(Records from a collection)
—————

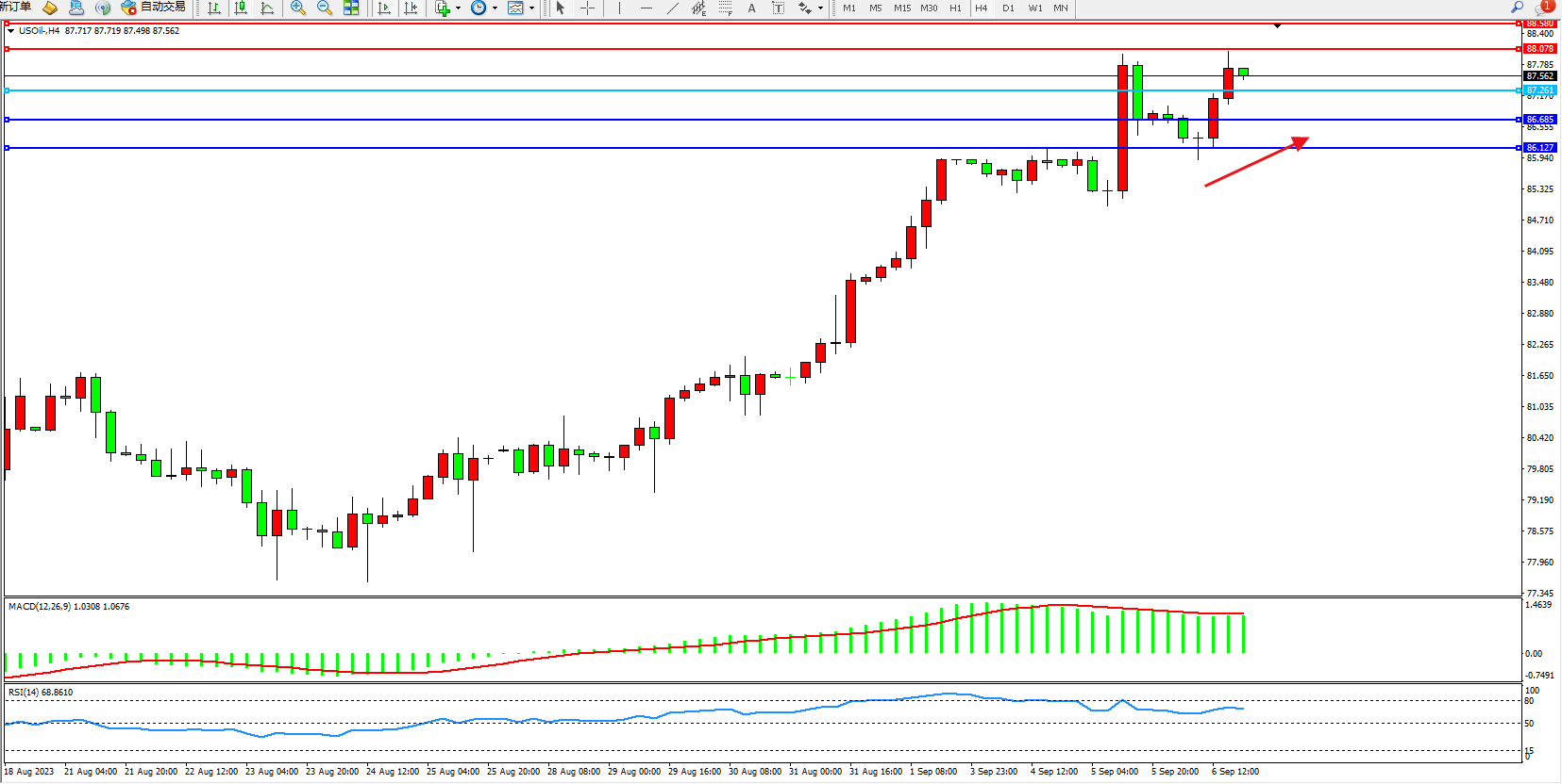 原油USOil——4小时K线图显示:
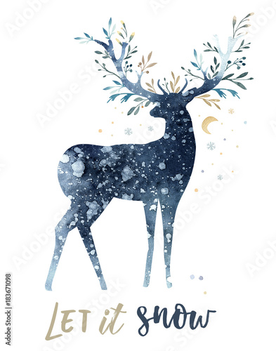 © kris_art, Fototapeta premium Watercolor closeup portrait of cute deer. Isolated on white background. Hand drawn christmas illustration. Greeting card animal winter design decoration
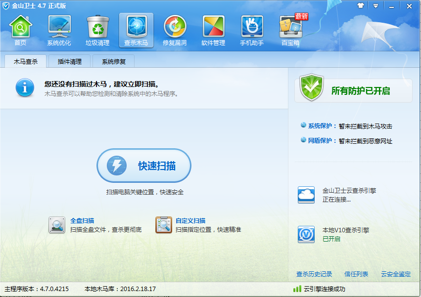 金山卫士官方版是由金山公司官方推出的一款杀毒软件,多年来不断完善,是一款集木马病毒查杀、系统安全监测、电脑插件清理优化于一体的电脑安全防护工具,金山卫士功能如此强大,体积却十分小巧…
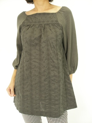 ナチュラル系チュニックをギンガムチェックとスニーカーで元気に着こなしてみました!アクティブ度70%、フェミニン度30%。
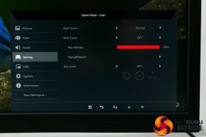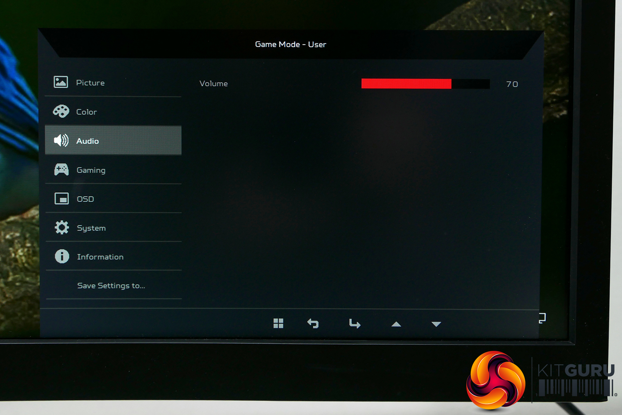 The Audio tab is dedicated solely to adjusting the volume of the speakers, or any attached headphones, while Gaming provides options for overdrive and overclocking the display. The former allows for four levels of overdrive while the overclock option lets you boost the display up to 120Hz.
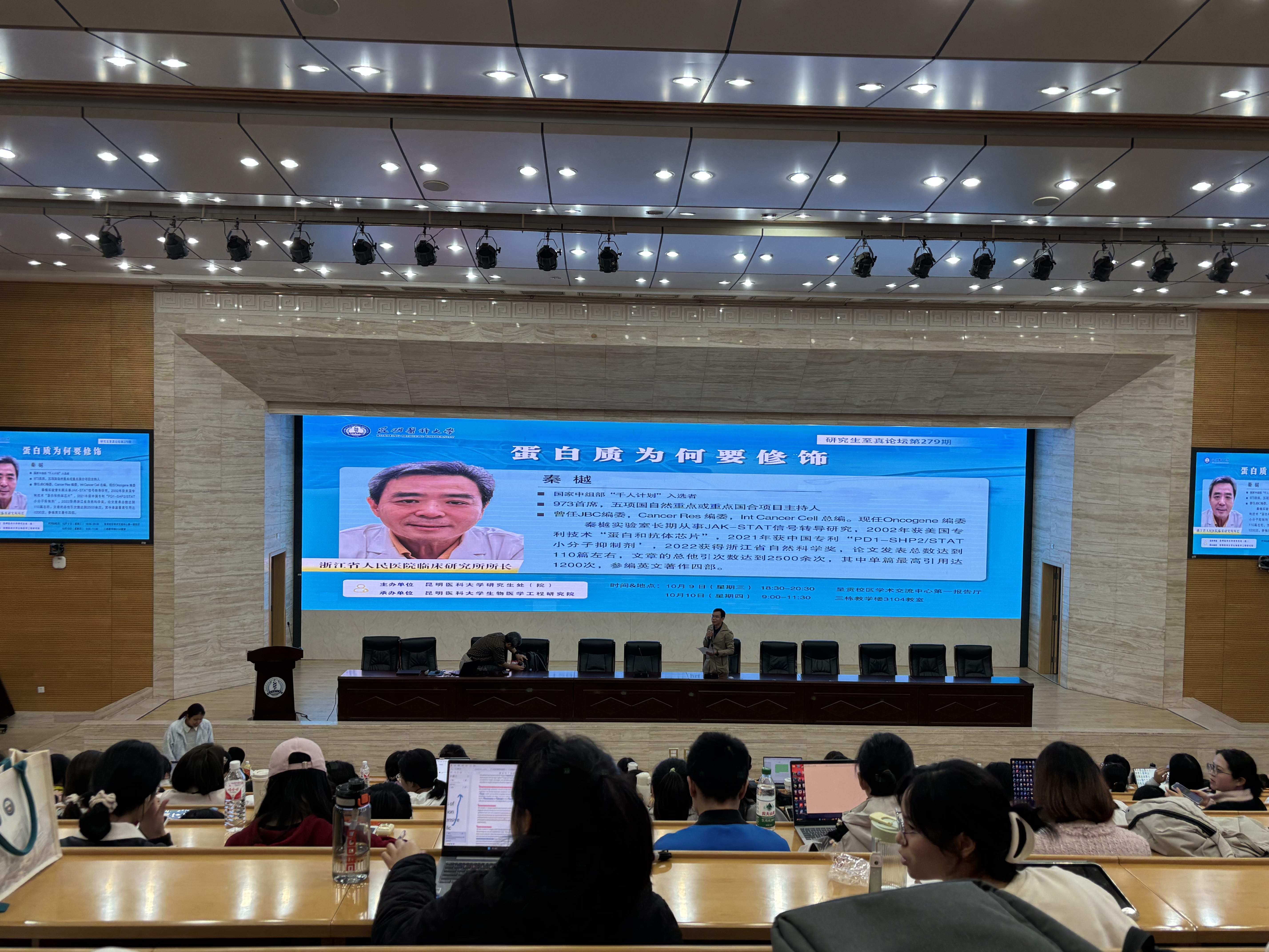 10月9日-10日,由Beat365唯一官方网站研究生院主办、生物医学工程研究院承办的第279期研究生至真论坛《蛋白质为何要修饰》在呈贡校区学术交流中心第一报告厅成功举办。全校博士、硕士研究生200余人聆听讲座。
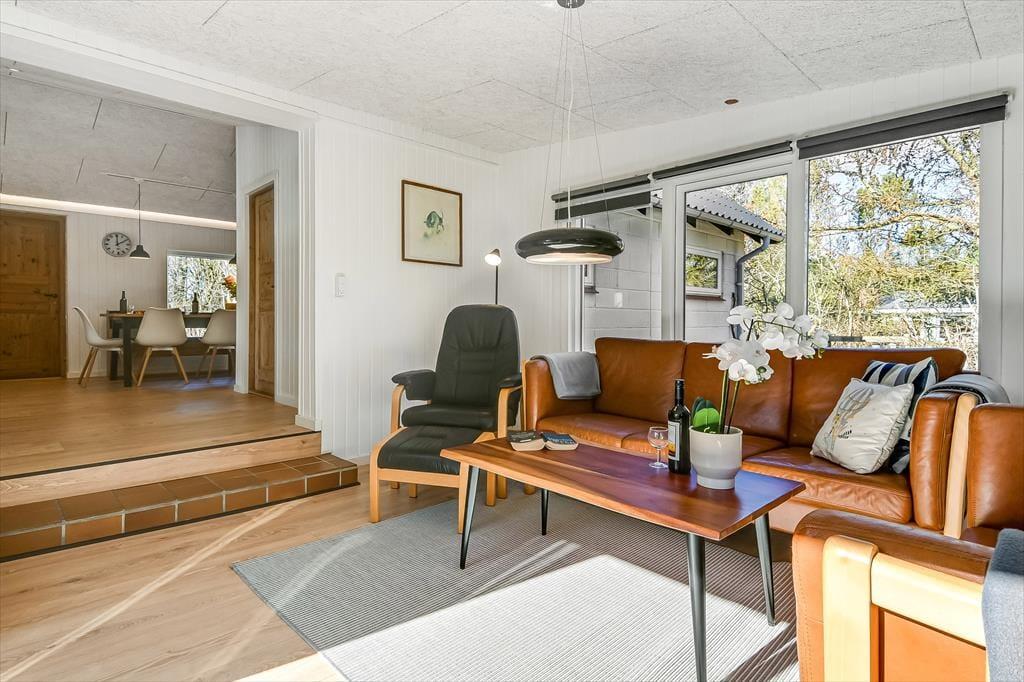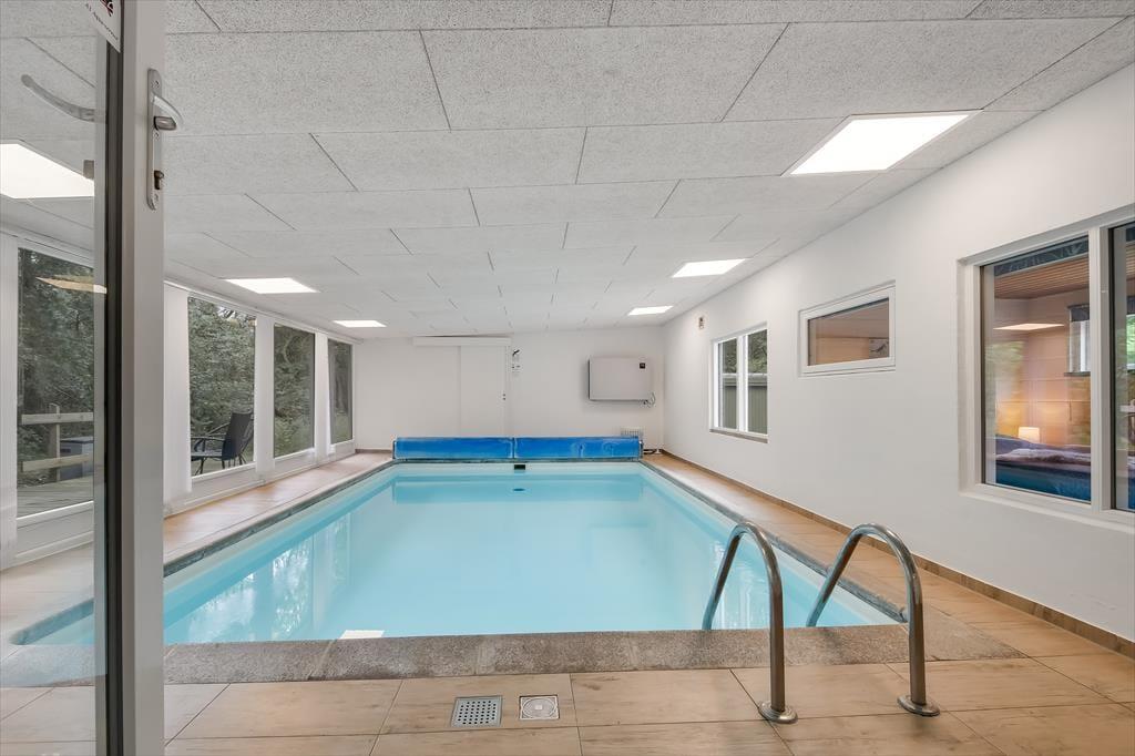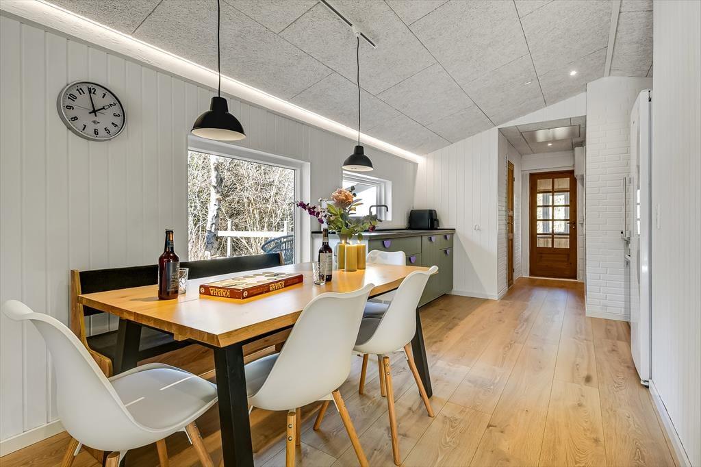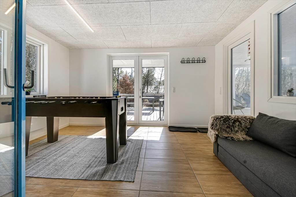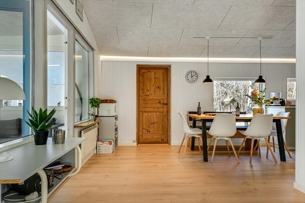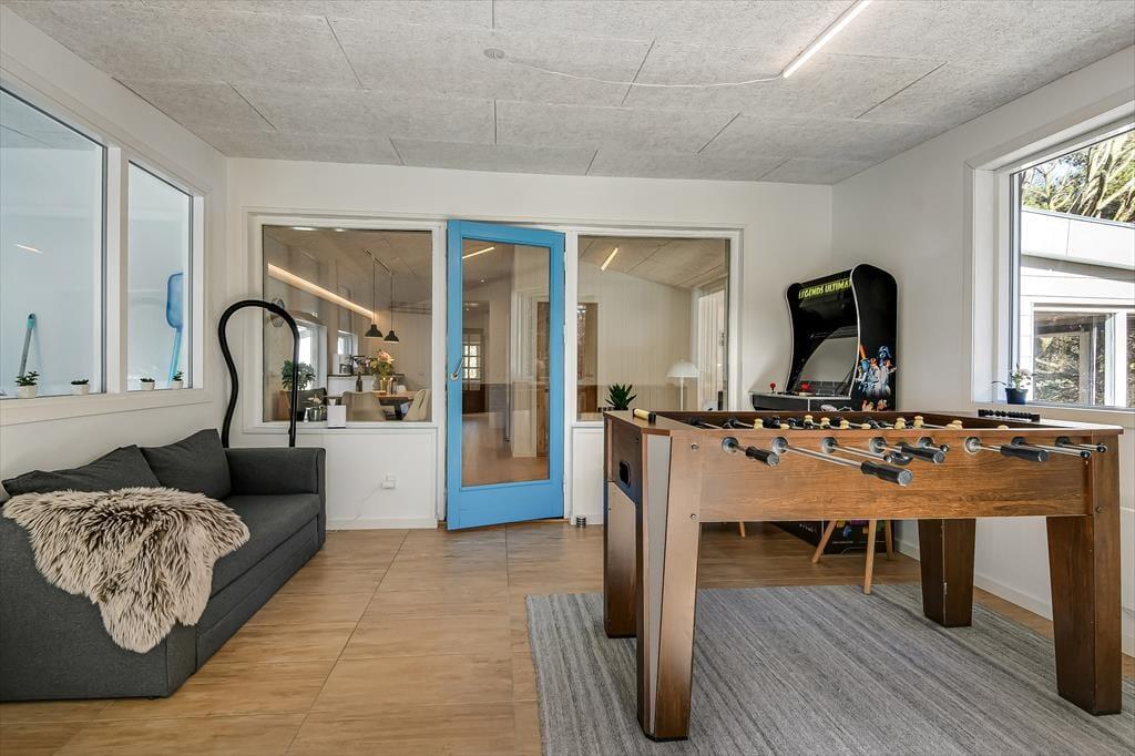 Det lyse sommerhus er med sine 161 m2 dejligt stort og rummeligt, og med tre soveværelser og to badeværelser passer planløsningen perfekt til seks personer. Efter seneste renovering fremstår alle rum lyse og indbydende, og ikke mindst opholdsmiljøet er et herligt sted at samles: Her ligger køkken-alrum og stue i åben forbindelse, blot adskilt af et par trin, så det er nemt at bære eftermiddagskaffen hen til sofaafdelingen, hvis I vil drikke den i nærheden af brændeovnen. Hvis I ikke kan sidde stille, kan I rykke ind i aktivitetsrummet for at spille bordfodbold eller dyste i arkadespil – når ikke I hellere vil plaske, svømme og lege i sommerhusets dejlige swimmingpool.

—————

Requirement>
Nothing but an exact copy of the data above, minus its pictures, should appear in the response.

Written reply>
 原油USOil——4小时K线图显示:
 © kris_art, Fototapeta premium Watercolor closeup portrait of cute deer. Isolated on white background. Hand drawn christmas illustration. Greeting card animal winter design decoration
 金山卫士官方版是由金山公司官方推出的一款杀毒软件,多年来不断完善,是一款集木马病毒查杀、系统安全监测、电脑插件清理优化于一体的电脑安全防护工具,金山卫士功能如此强大,体积却十分小巧…
 ナチュラル系チュニックをギンガムチェックとスニーカーで元気に着こなしてみました!アクティブ度70%、フェミニン度30%。
 The Audio tab is dedicated solely to adjusting the volume of the speakers, or any attached headphones, while Gaming provides options for overdrive and overclocking the display. The former allows for four levels of overdrive while the overclock option lets you boost the display up to 120Hz.
 10月9日-10日,由Beat365唯一官方网站研究生院主办、生物医学工程研究院承办的第279期研究生至真论坛《蛋白质为何要修饰》在呈贡校区学术交流中心第一报告厅成功举办。全校博士、硕士研究生200余人聆听讲座。
 Det lyse sommerhus er med sine 161 m2 dejligt stort og rummeligt, og med tre soveværelser og to badeværelser passer planløsningen perfekt til seks personer. Efter seneste renovering fremstår alle rum lyse og indbydende, og ikke mindst opholdsmiljøet er et herligt sted at samles: Her ligger køkken-alrum og stue i åben forbindelse, blot adskilt af et par trin, så det er nemt at bære eftermiddagskaffen hen til sofaafdelingen, hvis I vil drikke den i nærheden af brændeovnen. Hvis I ikke kan sidde stille, kan I rykke ind i aktivitetsrummet for at spille bordfodbold eller dyste i arkadespil – når ikke I hellere vil plaske, svømme og lege i sommerhusets dejlige swimmingpool.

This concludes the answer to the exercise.